您的位置：首页 > 产品设计 > UI/UE

009-elasticsearch【三】示例数据导入、URI查询方式简介、Query DSL简介、查询简述【_source、match、must、should等】、过滤器、聚合

2018-03-05 17:11 1016 查看

一、简单数据

客户银行账户信息，json

{
"account_number": 0,
"balance": 16623,
"firstname": "Bradshaw",
"lastname": "Mckenzie",
"age": 29,
"gender": "F",
"address": "244 Columbus Place",
"employer": "Euron",
"email": "bradshawmckenzie@euron.com",
"city": "Hobucken",
"state": "CO"
}

批量导入1000条

测试数据地址

curl -H "Content-Type: application/json" -XPOST 'localhost:9200/bank/account/_bulk?pretty&refresh' --data-binary "@accounts.json"
curl 'localhost:9200/_cat/indices?v'

如果windows上需要把单引号改为双引号

二、URI查询方式简介

　　有两种运行搜索的基本方法：一种是通过REST请求URI发送搜索参数，另一种是通过REST请求主体发送搜索参数。

2.1、请求URL方式

GET /bank/_search?q=*&sort=account_number:asc&pretty

说明：q=* 参数指示Elasticsearch匹配索引中的所有文档。

sort = account_number：asc参数指示按升序使用每个文档的account_number字段对结果进行排序。

pretty标识返回漂亮的json格式

{
　　took: 31,
　　timed_out: false,
　　_shards: {
　　　　total: 5,
　　　　successful: 5,
　　　　failed: 0
　　},
　　hits: {
　　　　total: 1000,
　　　　max_score: null,
　　　　hits: [
　　　　　　{
　　　　　　　　_index: "bank",
　　　　　　　　_type: "account",
　　　　　　　　_id: "0",
　　　　　　　　_score: null,
　　　　　　　　_source: {
　　　　　　　　　　account_number: 0,
　　　　　　　　　　balance: 16623,
　　　　　　　　　　firstname: "Bradshaw",
　　　　　　　　　　lastname: "Mckenzie",
　　　　　　　　　　age: 29,
　　　　　　　　　　gender: "F",
　　　　　　　　　　address: "244 Columbus Place",
　　　　　　　　　　employer: "Euron",
　　　　　　　　　　email: "bradshawmckenzie@euron.com",
　　　　　　　　　　city: "Hobucken",
　　　　　　　　　　state: "CO"
　　　　　　　　},
　　　　　　sort: [0]
　　　　}
　　　　//……
　　　　]
　　}
}

响应值说明

took：Elasticsearch执行搜索的时间（以毫秒为单位）

time_out：搜索是否超时

_shards：搜索了多少片，以及搜索片成功/失败的次数

hits：搜索结果

hits.total：符合我们搜索条件的文件总数
hits.hits：实际的搜索结果数组（默认为前10个文档）
hits.sort：对结果进行排序键（按分数排序时丢失）
hits._score and max_score：暂时忽略

2.2、请求体方式

使用工具header时候使用post请求

GET /bank/_search
{
"query": { "match_all": {} },
"sort": [
{ "account_number": "asc" }
]
}

三、Query DSL简介

　　Elasticsearch提供了一种可用于执行查询的JSON式特定于领域的语言。
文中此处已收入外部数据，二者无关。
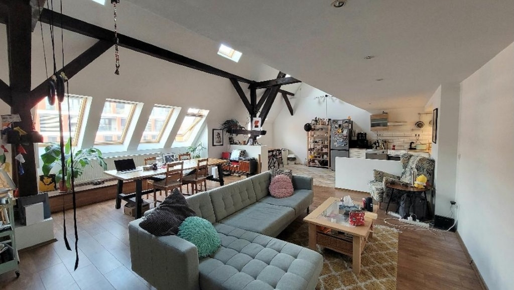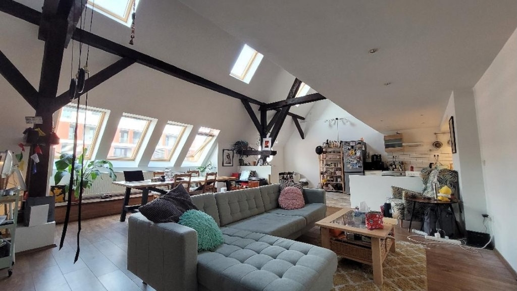 Eladó Budapest XIII. kerületének frekventált részén, közel a Lehel térhez, egy különleges hangulatú, 111 m2-es, belső kétszintes lakás.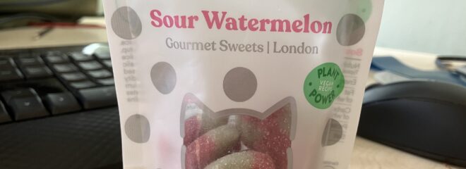 Yum I thought – I like sour sweets and I like watermelon, and these are gourmet plant based sweets with “No Nasties. All Good” on the back of the packet. Aye right – also on the back of the packet is a list of chemical sounding ingredients as long as your arm. And they don’t taste good either.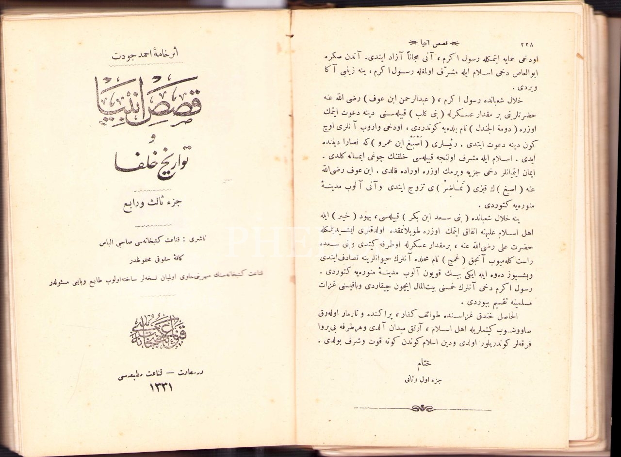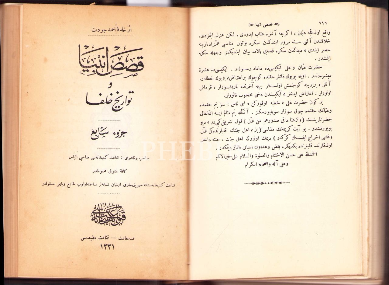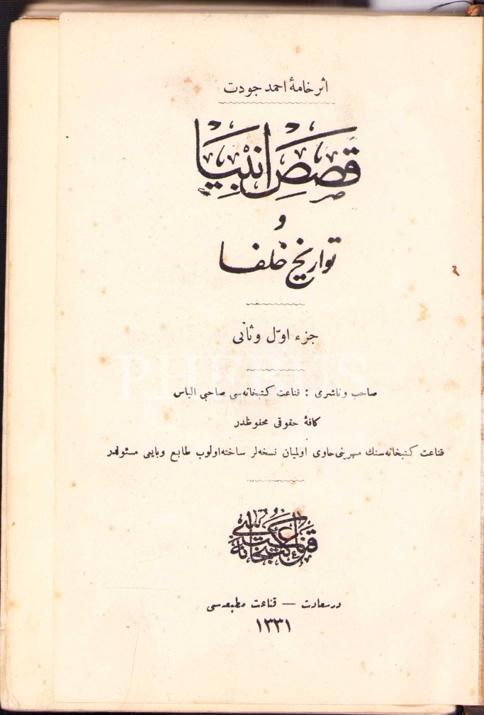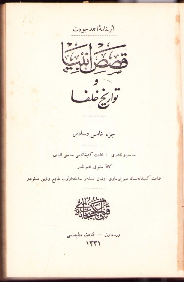 KISAS-I ENBİYÂ VE TEVÂRÎH-İ HULEFÂ (8 Kısım), Ahmed Cevdet, Kanaat Matbaası, Dersaadet 1331, 696+320 s., 15x22 cm

这被称为Query DSL。

注意使用header 工具时应该使用post请求

3.1、查询所有

GET /bank/_search
{
"query": { "match_all": {} }
}

　　match_all部分仅仅是我们想要运行的查询类型。 match_all查询只是搜索指定索引中的所有文档。

3.2、查询数据

GET /bank/_search
{
"query": { "match_all": {} },
"size": 1
}

请注意，如果未指定大小，则默认为10。

3.3、返回分页　　

此示例执行match_all并返回文档11至20：

GET /bank/_search
{
"query": { "match_all": {} },
"from": 10,
"size": 10
}

from参数（从0开始）指定从哪个文档索引开始，size参数指定从from参数开始返回多少个文档。此功能在实现分页搜索结果时非常有用。请注意，如果from未指定，则默认为0。

3.4、降序

此示例执行match_all并按帐户余额按降序对结果进行排序，并返回前10个（默认大小）文档。

GET /bank/_search
{
"query": { "match_all": {} },
"sort": { "balance": { "order": "desc" } }
}

四、查询简述

4.1、返回指定字段

　　请求是增加_source字段，在概念上与SQL SELECT 字段1 FROM字段列表有些相似。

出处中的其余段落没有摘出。